*** Records provided Section Begins ***

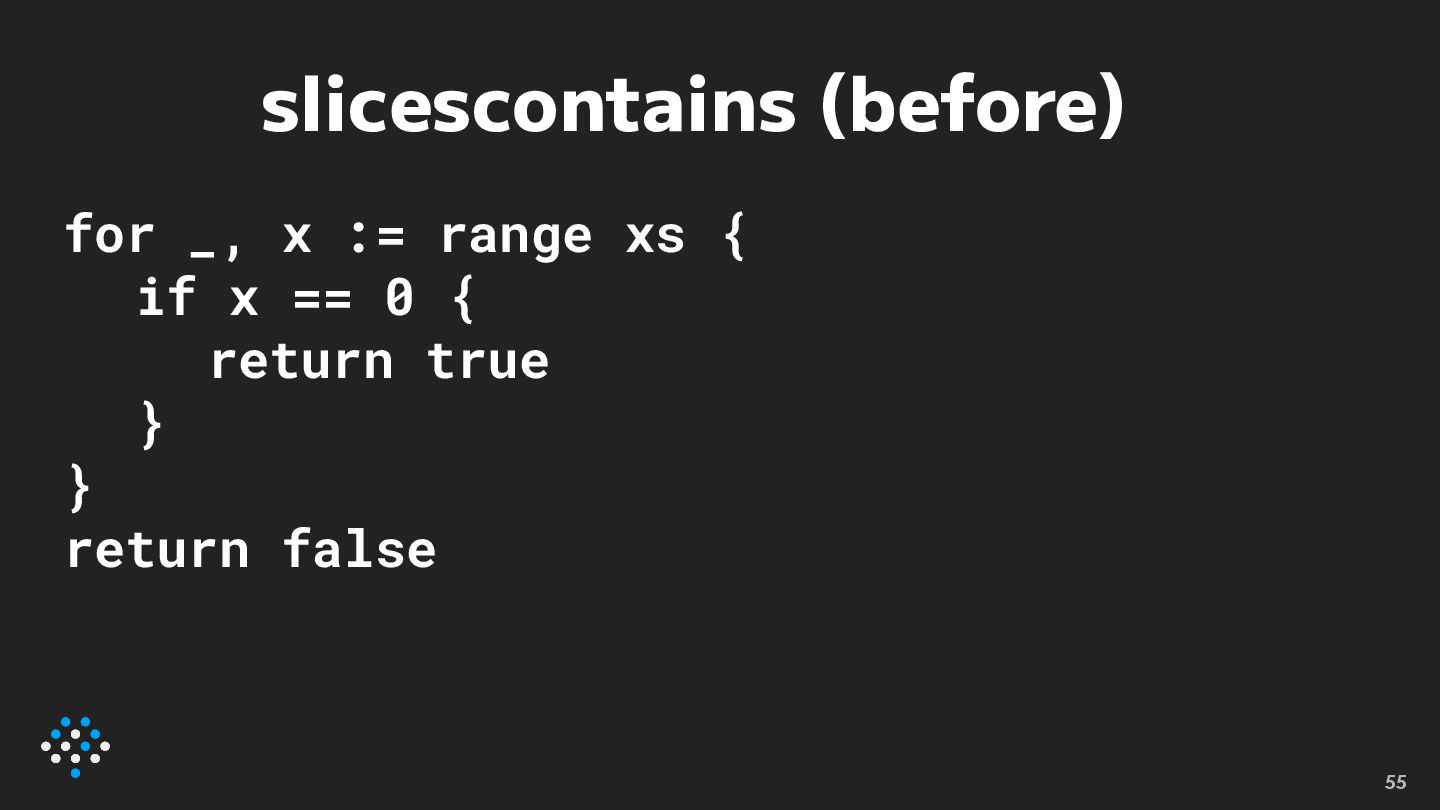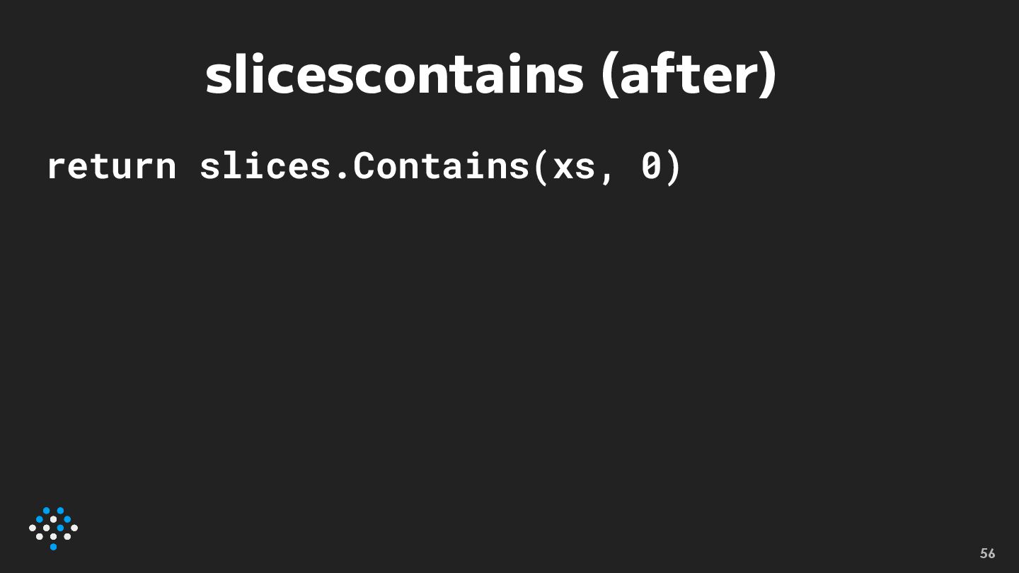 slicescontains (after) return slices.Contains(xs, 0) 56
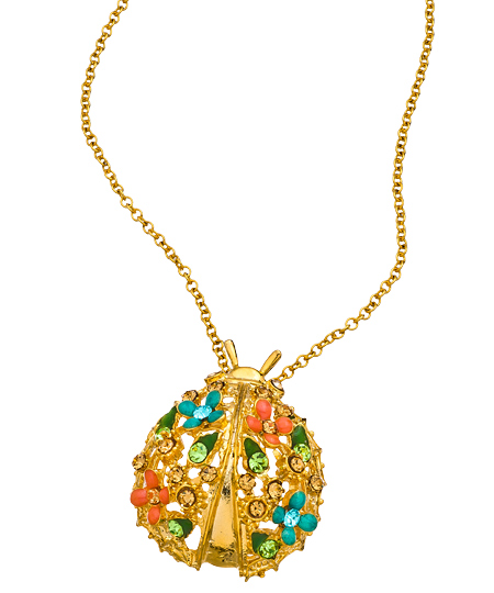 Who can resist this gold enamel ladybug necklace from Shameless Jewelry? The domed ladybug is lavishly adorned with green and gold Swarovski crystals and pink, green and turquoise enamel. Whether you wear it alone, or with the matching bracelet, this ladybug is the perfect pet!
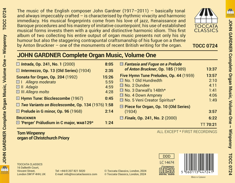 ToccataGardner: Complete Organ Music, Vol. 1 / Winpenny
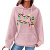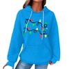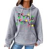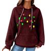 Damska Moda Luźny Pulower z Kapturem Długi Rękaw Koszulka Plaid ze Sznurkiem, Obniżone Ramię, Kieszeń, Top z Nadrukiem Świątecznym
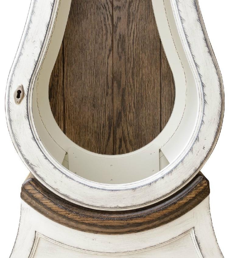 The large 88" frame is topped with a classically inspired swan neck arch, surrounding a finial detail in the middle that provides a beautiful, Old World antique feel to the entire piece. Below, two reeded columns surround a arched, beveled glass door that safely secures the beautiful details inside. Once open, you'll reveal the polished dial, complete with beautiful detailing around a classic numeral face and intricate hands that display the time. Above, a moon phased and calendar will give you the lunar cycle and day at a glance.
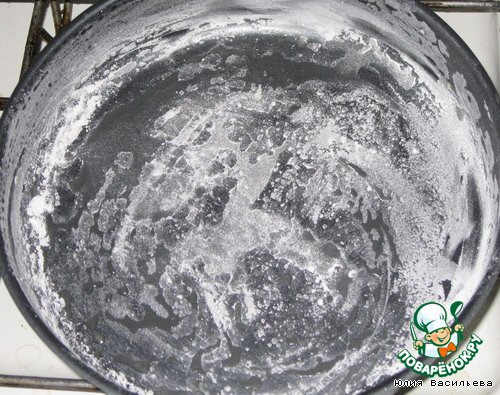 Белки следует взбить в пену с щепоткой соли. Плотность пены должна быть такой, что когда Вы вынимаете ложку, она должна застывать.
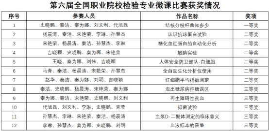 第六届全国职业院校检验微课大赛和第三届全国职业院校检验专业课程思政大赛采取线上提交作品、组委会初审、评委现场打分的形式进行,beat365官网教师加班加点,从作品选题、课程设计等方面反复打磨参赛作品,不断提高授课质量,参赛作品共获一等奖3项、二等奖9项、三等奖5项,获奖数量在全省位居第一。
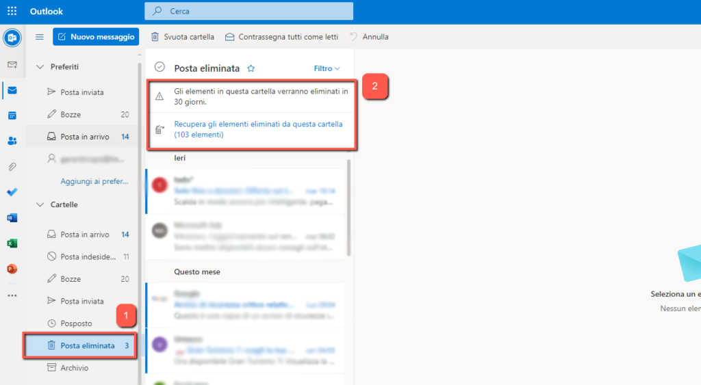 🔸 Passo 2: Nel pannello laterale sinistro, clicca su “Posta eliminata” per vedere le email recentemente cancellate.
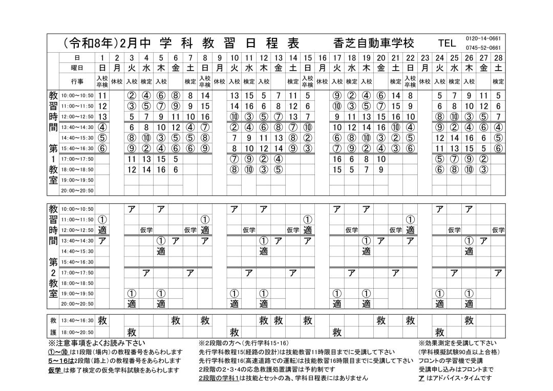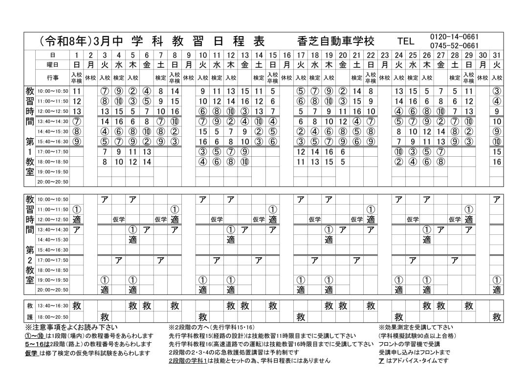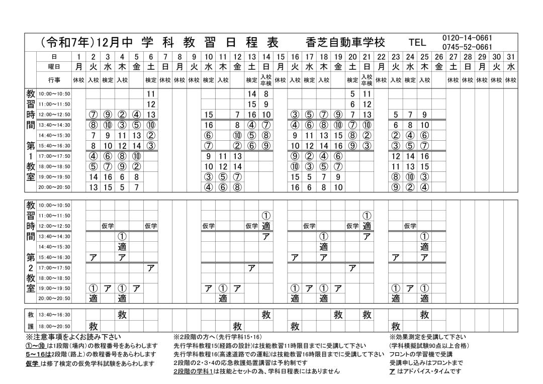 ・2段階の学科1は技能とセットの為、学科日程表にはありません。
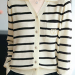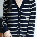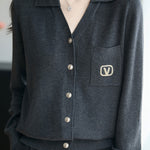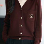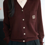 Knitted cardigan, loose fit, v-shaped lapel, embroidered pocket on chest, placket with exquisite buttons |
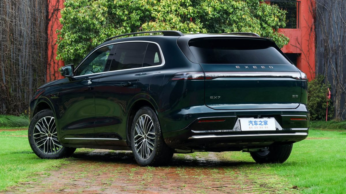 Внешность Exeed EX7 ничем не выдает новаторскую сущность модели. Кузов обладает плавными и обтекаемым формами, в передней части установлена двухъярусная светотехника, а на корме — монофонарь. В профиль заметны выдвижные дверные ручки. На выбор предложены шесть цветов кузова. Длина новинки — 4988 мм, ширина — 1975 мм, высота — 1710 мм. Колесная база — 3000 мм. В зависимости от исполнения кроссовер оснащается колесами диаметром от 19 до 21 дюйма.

*** Records provided Section Ends ***
*** Records provided Section Begins ***

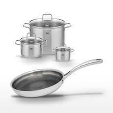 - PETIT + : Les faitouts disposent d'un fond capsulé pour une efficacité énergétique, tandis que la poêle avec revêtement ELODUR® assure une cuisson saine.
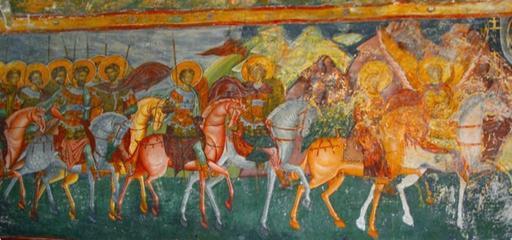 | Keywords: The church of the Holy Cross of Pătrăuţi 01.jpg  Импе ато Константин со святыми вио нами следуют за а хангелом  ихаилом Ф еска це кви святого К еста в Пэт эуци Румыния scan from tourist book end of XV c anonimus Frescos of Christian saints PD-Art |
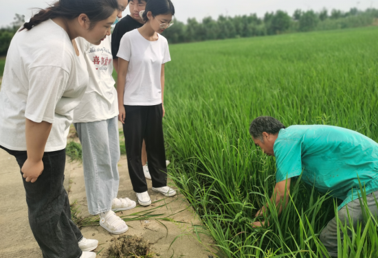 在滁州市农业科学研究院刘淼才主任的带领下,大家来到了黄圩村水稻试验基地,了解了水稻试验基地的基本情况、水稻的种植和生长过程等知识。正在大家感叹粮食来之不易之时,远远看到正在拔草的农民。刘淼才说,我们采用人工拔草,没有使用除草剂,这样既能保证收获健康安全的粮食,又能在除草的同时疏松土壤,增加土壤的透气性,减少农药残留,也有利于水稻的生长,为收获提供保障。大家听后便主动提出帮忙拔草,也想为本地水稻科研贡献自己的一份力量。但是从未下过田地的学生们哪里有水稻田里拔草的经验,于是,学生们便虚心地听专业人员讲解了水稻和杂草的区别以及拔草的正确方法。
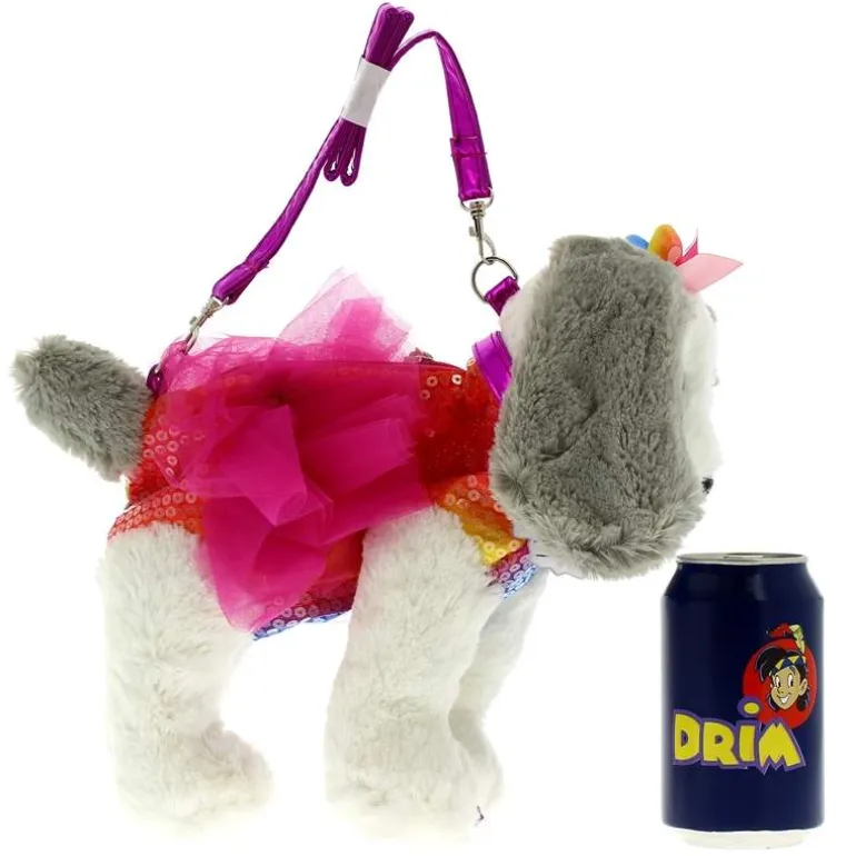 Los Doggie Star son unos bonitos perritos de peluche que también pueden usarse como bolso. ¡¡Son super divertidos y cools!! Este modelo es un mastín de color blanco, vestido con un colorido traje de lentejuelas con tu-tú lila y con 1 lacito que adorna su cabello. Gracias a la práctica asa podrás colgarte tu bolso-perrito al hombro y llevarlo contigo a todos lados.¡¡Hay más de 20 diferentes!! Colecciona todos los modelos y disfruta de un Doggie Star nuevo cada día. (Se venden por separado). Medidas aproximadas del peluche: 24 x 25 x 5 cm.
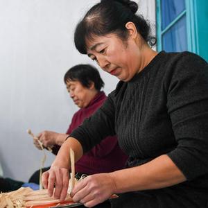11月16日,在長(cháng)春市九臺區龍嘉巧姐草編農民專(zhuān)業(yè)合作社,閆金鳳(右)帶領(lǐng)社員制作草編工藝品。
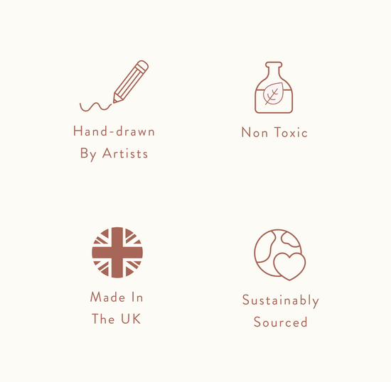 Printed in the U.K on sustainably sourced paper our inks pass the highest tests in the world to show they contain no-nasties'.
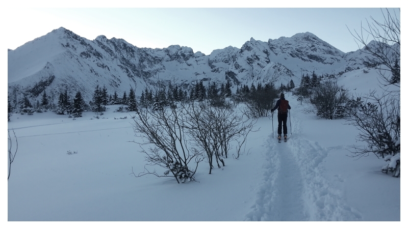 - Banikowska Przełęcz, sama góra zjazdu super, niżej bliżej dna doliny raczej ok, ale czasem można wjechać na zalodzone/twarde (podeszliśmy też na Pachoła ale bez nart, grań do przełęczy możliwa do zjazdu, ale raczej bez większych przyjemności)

*** Records provided Section Ends ***

▸ **Description of the task**:
Look above for the line with "第六届全国职业院校检验微课大" and the line with "email recentemente cancellate.", then copy exactly the lines from the first through the second, both kept, with no pictures.

▸ **Task answer**:
 第六届全国职业院校检验微课大赛和第三届全国职业院校检验专业课程思政大赛采取线上提交作品、组委会初审、评委现场打分的形式进行,beat365官网教师加班加点,从作品选题、课程设计等方面反复打磨参赛作品,不断提高授课质量,参赛作品共获一等奖3项、二等奖9项、三等奖5项,获奖数量在全省位居第一。
 🔸 Passo 2: Nel pannello laterale sinistro, clicca su “Posta eliminata” per vedere le email recentemente cancellate.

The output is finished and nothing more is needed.